■ Dataset entries ■
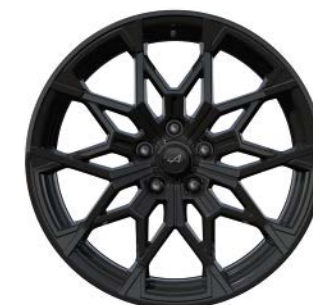
02_ WHEELS 19" BLACK SNOWFLAKE.
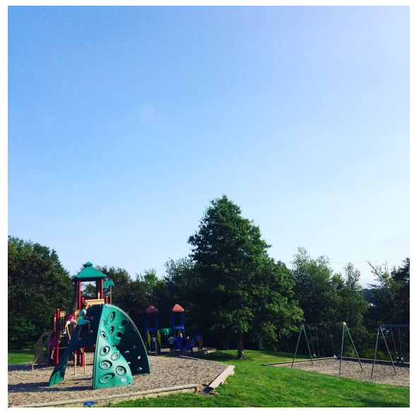
Flinn Park, Flinn Street
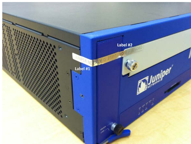
Fig. 5: Left edge of ISG 1000
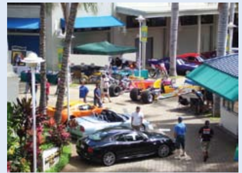
In its second year, the "Build the Track Motorsports Show" helped to raise awareness on efforts to build a race facility in Hawaii.
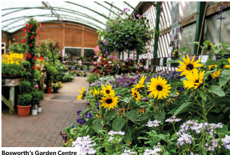
Bosworth's Garden Centre
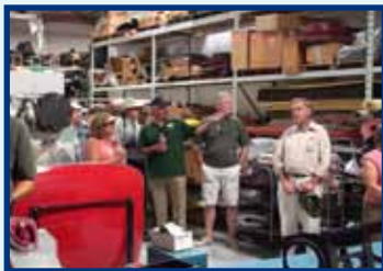
The upholstery trim shop
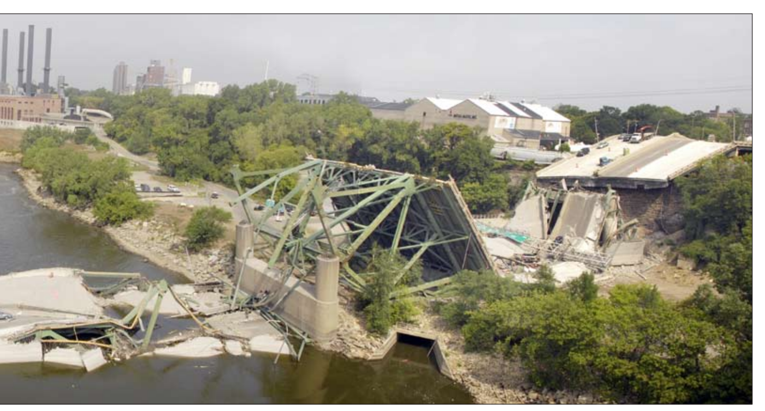
STITCHED PHOTO ILLUSTRATION BY ANDREW VONBANK

of 2008. However, some legislators are concerned the reconstruction plan is too fast and does not address all possible alternatives, including room for light rail.
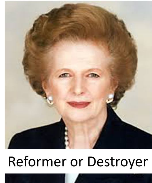
Reformer or Destroyer
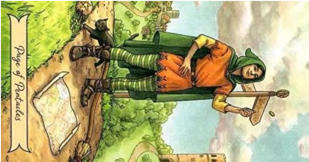
Page of Pentacles
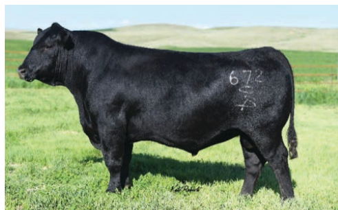
GB Fireball 672 Sire of lot 65
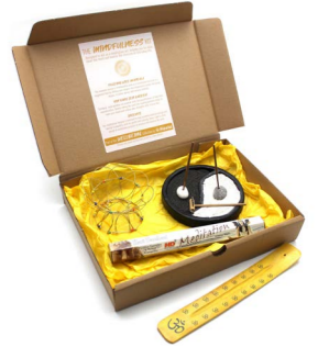
WPK004 - Wellbeing Mindfulness Kit £8.00
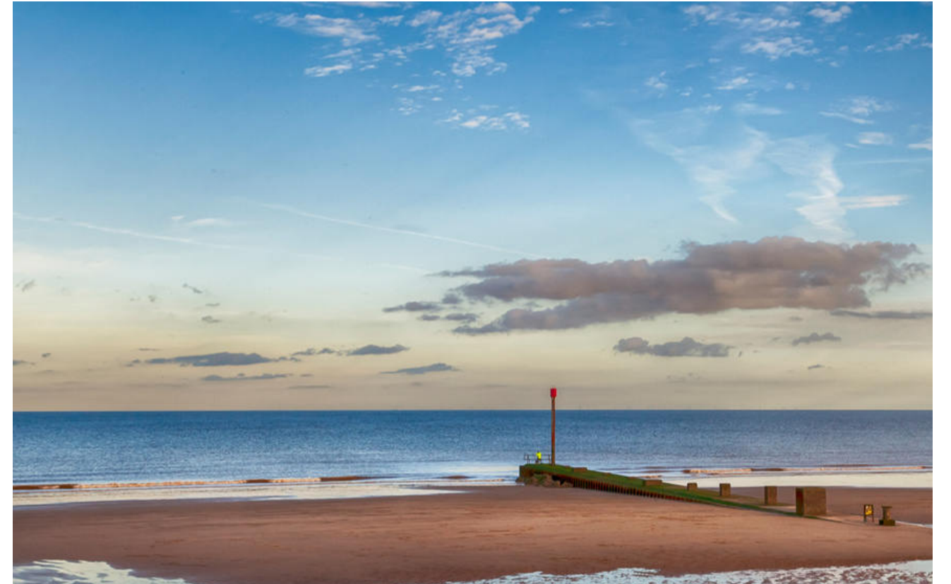
Mablethorpe Beach, Lincolnshire 81 miles from Nottingham
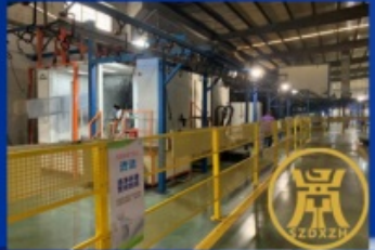
Automatic Line 2
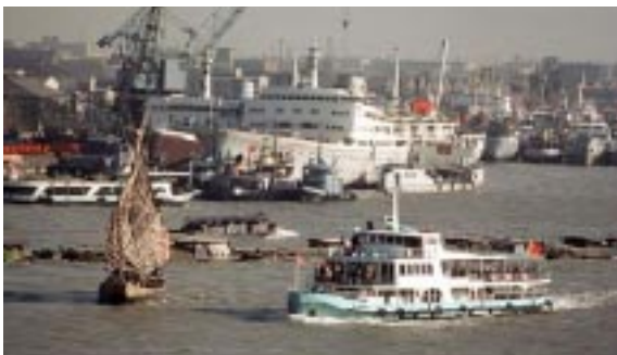
The port of Shanghai

From then, China sent thousands of officials and yang students to study modern technology in the West. Modern schools and industry were built up in China. Railways linked major cities and parts of China. Engineers, lecturers, and bankers became important social classes. Shanghai even developed into one of the biggest financial and commercial centres in the world during the 1930's. However, what China never adopted was the concept of rule of law, human rights and democracy. Chinese people have not had any kind of protection against powerful rulers. What was more, people even became the state's slaves under Mo's Communist regime.
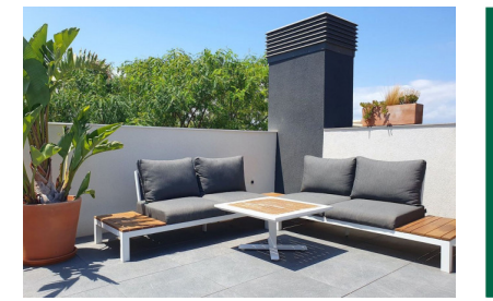
Portixol référence du bien 122111

PORTA MALLORQUINA® Your home. Our passion.
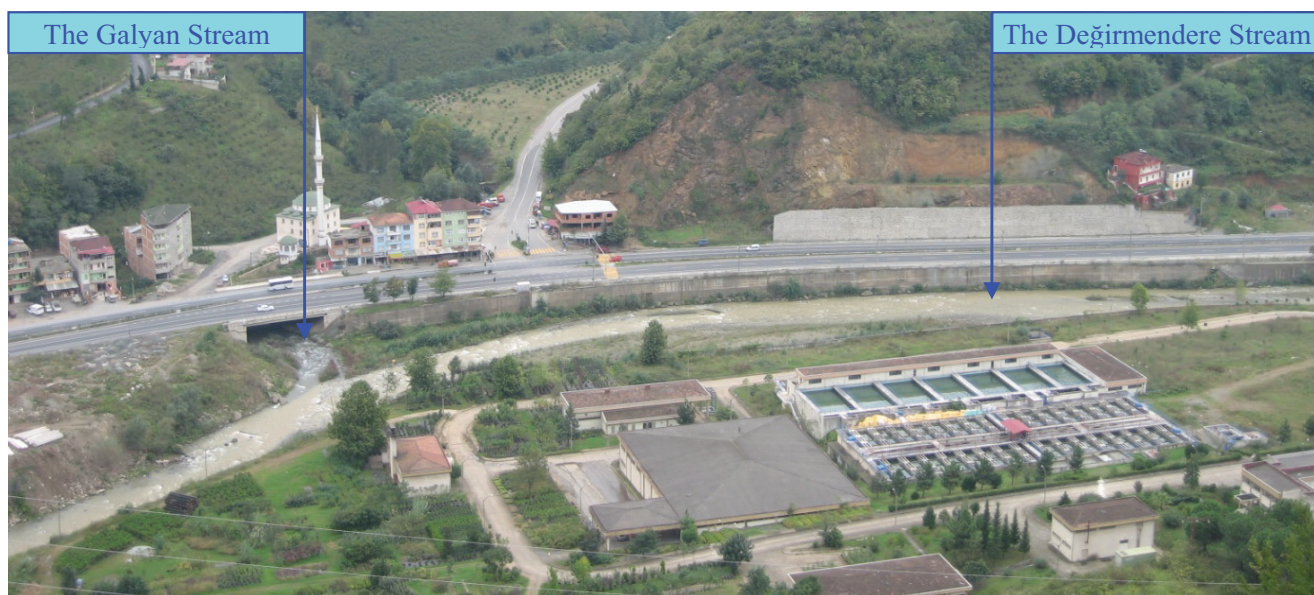
Fig. 5. View from the drinking water treatment plant in the Değirmendere Valley (Trabzon, Turkey) by the author on September 30, 2014.

the water. Rapid mixing is achieved in the first mixer (M1) having one weir and four baffles. The flocculant, such as polyelectrolyte, is then added. Flocculation is achieved in the second mixer (M2) by gentle mixing so as to maximize the number of collisions between suspended particles and flocs, without breaking the flocs up through rapid mixing. The treatment plant has four rectangular clarifiers, each of which has a base width of 432 m 2 and a volume of 1,950 m 3 . There are seven rectangular sand filter beds, each of which has a base width of 134 m 2 and a volume of 750 m 3 . Each gravity rapid sand filter has a filter media of 1,050 mm (Table 1). There is also a clean water tank of 12,000 m 3 in the plant.
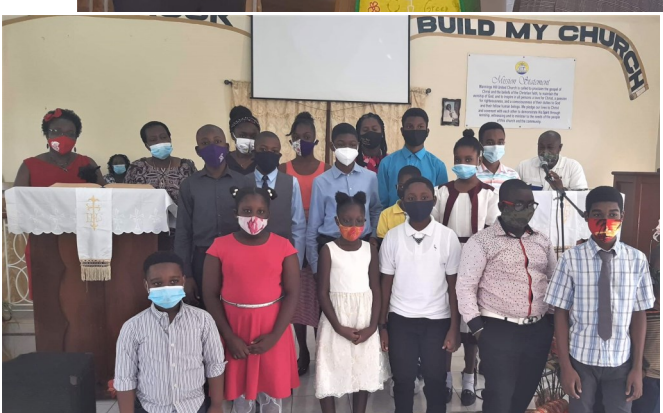
Members of the Youth and Children's Department at Mannings Hill United Church.
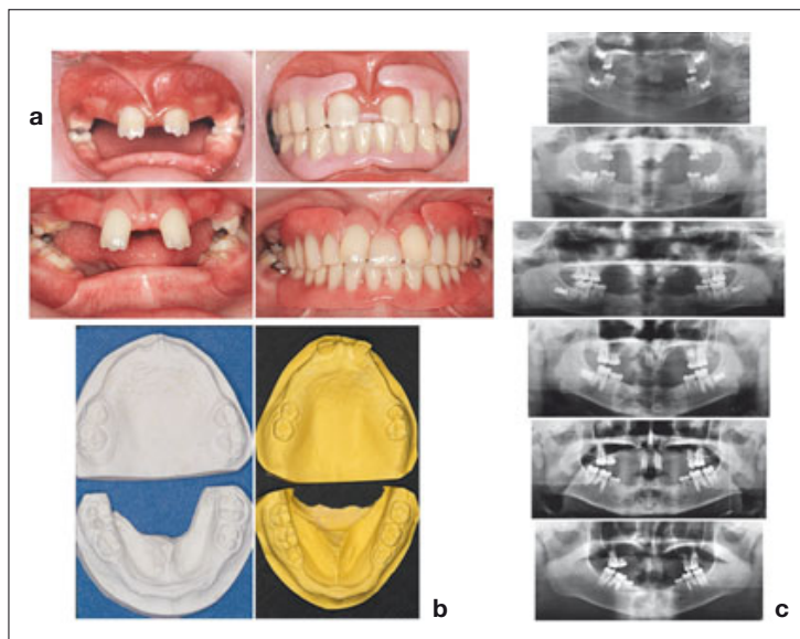
Fig 2 The non-syndromic oligodontia patient from a young age to adolescence. (a) The four panels show the oral view and the dentures at the ages of 7 years and 4 months and 12 years 7 months, which were two examples of his eight prostheses changes, during the 13-year follow-up period. The conservative attitude of his parents meant that they did not accept any traumatic treatment including orthodontics. (b) In the two lower panels, the casts at the age of 5 years and 6 months (left, white) and 13 years and 9 months (right, yellow) showed significant growth of the teeth and the dentoalveolar. Note that the lower second primary molar teeth 'subsided' with the development of the mandible and the eruption of the second molars. (c) The six panoramic radiographs (right column) presented from the top down were recorded at the ages of 2 years and 9 months, 4 years and 4 months, 5 years and 4 months, 6 years and 9 months, 11 years, and 13 years and 9 months, respectively. This is a clear example of the existing teeth changes in accordance with the child's growth.

The patient in case 2 was a young boy diagnosed with non-syndromic oligodontia whose first dental visit was at 2 years and 9 months old. His parents complained of many congenitally missing primary teeth. The panoramic radiograph further revealed that most of his permanent teeth germs were missing. Due to difficulties in the dental treatment, the patient accepted prosthodontic treatment until 5.5 years old, with maxillary and mandibular removable partial dentures, which greatly improved the oral function of chewing and his physical development. The casts and the changing panoramic radiographs showed that the dentition and the alveolar developed in conjunction with the growth of the child (Fig 2). Due to the continuous growth of the patient and his new teeth, as well as the compliance of his parents, he changed his dentures 8 times in total from the age of 5.5 years old to 16.5 years old in the 13-year follow-up, at a frequency of almost once every year during the rapid growth period. Moreover, the selective grinding of the dentures was carried out on each visit, in order to make them more adaptive to the continuous eruption of the teeth with development.
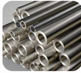
Stainless Steel Pipe
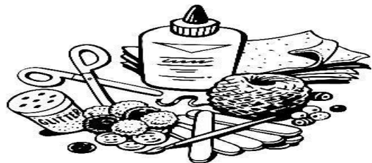
Table Favor Committee will meet on Tuesday February 12, 2019 at 1:30 pm We will be working on Valentines and Shamrock favors for Seneca House and Friedman Village.
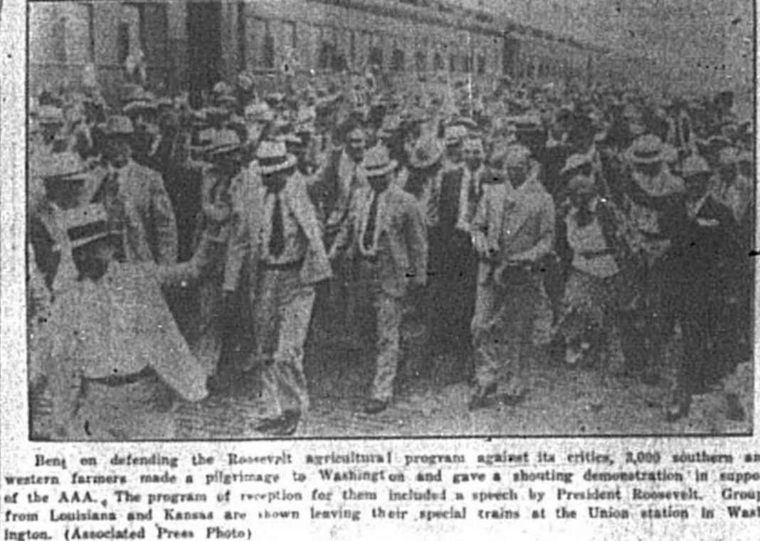
Farmers on their way to Washington to defend the Agricultural Adjustment Act. They are shown leaving their special trains at the Union station in Washington.
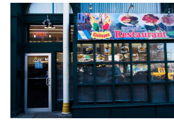
9. Chiltepes 2308 N St

Saint Francis of Assisi hosts a large number of Guatemalan parishioners, and performs Mass in Spanish at 11:30 on Sundays.
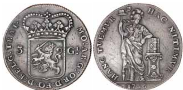
1310* Netherlands , Utrecht, three gulden, 1786 (KM.117). Good very fine.
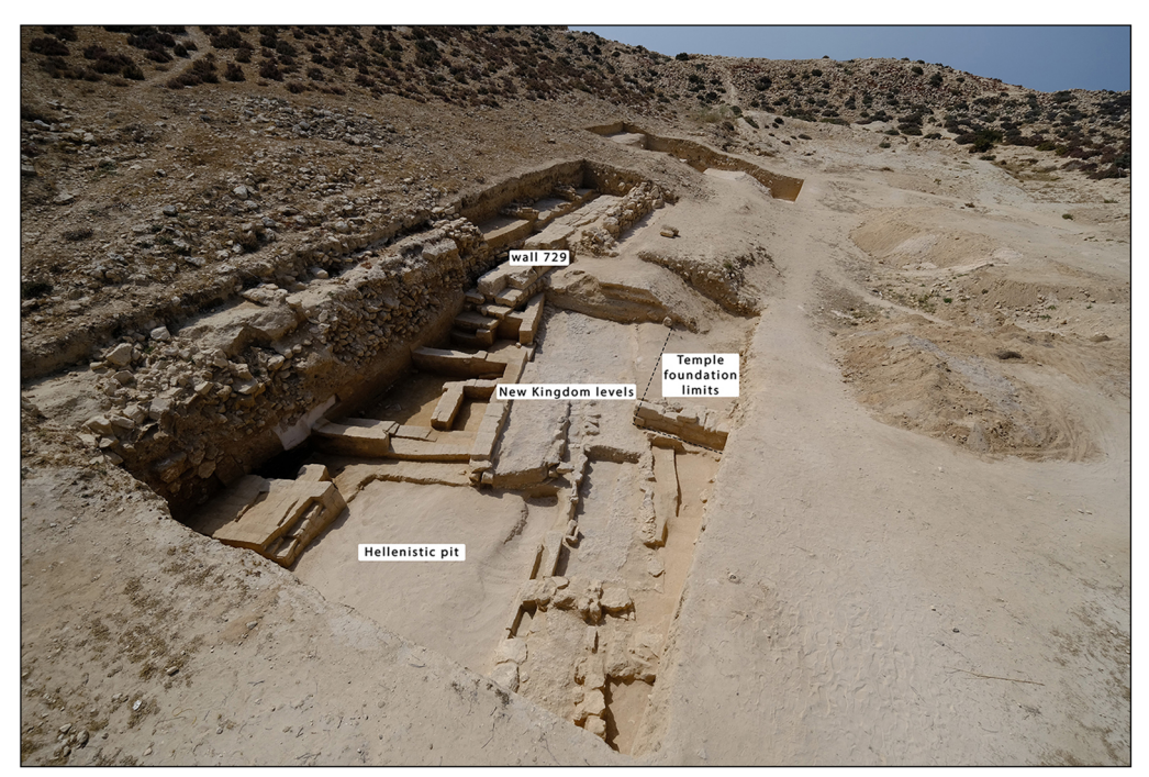
Figure 5. General view of the New Kingdom settlement, from the south-east (figure by S. Dhennin).
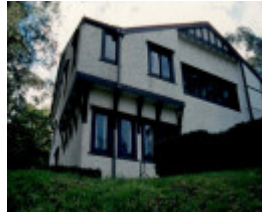
H02004 macgeorge house ivanhoe south side 02
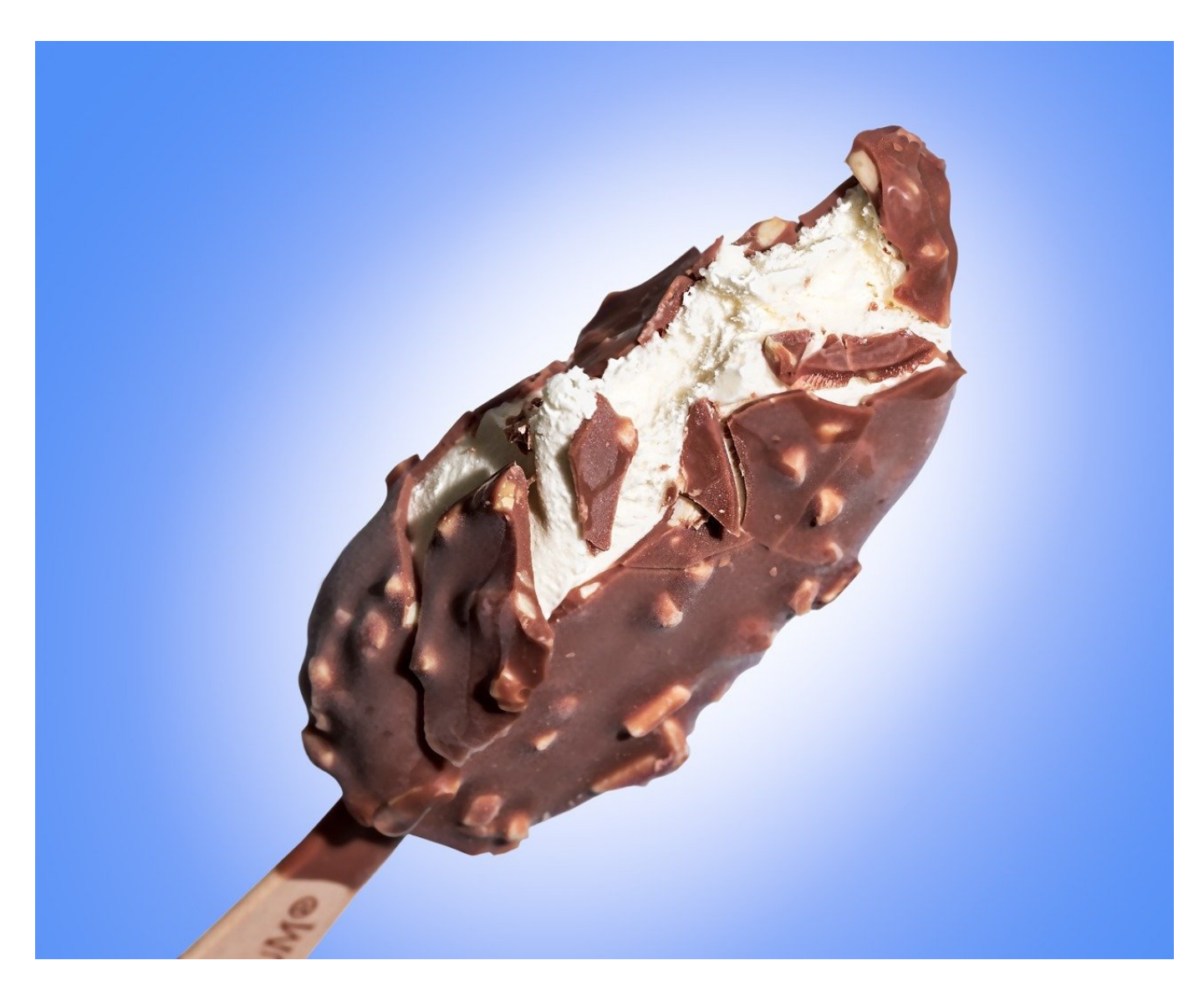
Synonyms of "Vanilla" as a noun (1 Word)

vanillaextractAny of numerous climbing plants of the genus Vanilla having fleshy leavesand clusters of large waxy highly fragrant white or green or topaz flowers.
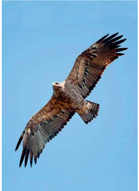
Plate 14. Adult Steppe Eagle, 24 November 2011.
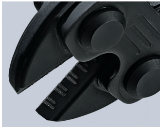
Micro-structured cutting edges allow easy cutting of large cross-sections

Pliers with tether attachment point for tool drop protection system
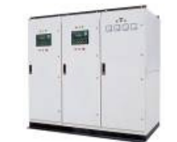
PLC-550 Parallel Control Panel system
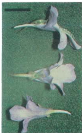
11. P. longifolia ssp. reichenbachiana
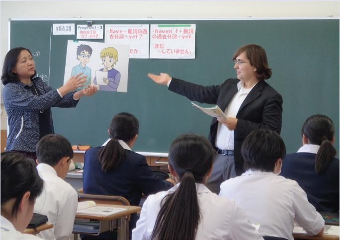
Teaching English in a Japanese School

One of the world’s largest and most successful exchange programs, the JET Programme has been sending college graduates from around the world to Japan since 1987 to teach in public schools and support internationalization, while also learning about the country. JET and its alumni associations are an invaluable resource for Japan and its relationship with the world. JLGC supports our colleagues in the Ministry of Foreign Affairs (MOFA) to promote JET and recruit highly qualified applicants, and CLAIR Tokyo is responsible for placing over 5,700 JETs in schools and government offices around Japan and supporting them during their time there.

■ Exercise aim ■
Everything from the line containing "PLC-550 Parallel Control Panel system" through the final line of the material must be set down exactly, except the pictures.

■ Solution to the problem ■
PLC-550 Parallel Control Panel system
11. P. longifolia ssp. reichenbachiana
Teaching English in a Japanese School

One of the world’s largest and most successful exchange programs, the JET Programme has been sending college graduates from around the world to Japan since 1987 to teach in public schools and support internationalization, while also learning about the country. JET and its alumni associations are an invaluable resource for Japan and its relationship with the world. JLGC supports our colleagues in the Ministry of Foreign Affairs (MOFA) to promote JET and recruit highly qualified applicants, and CLAIR Tokyo is responsible for placing over 5,700 JETs in schools and government offices around Japan and supporting them during their time there.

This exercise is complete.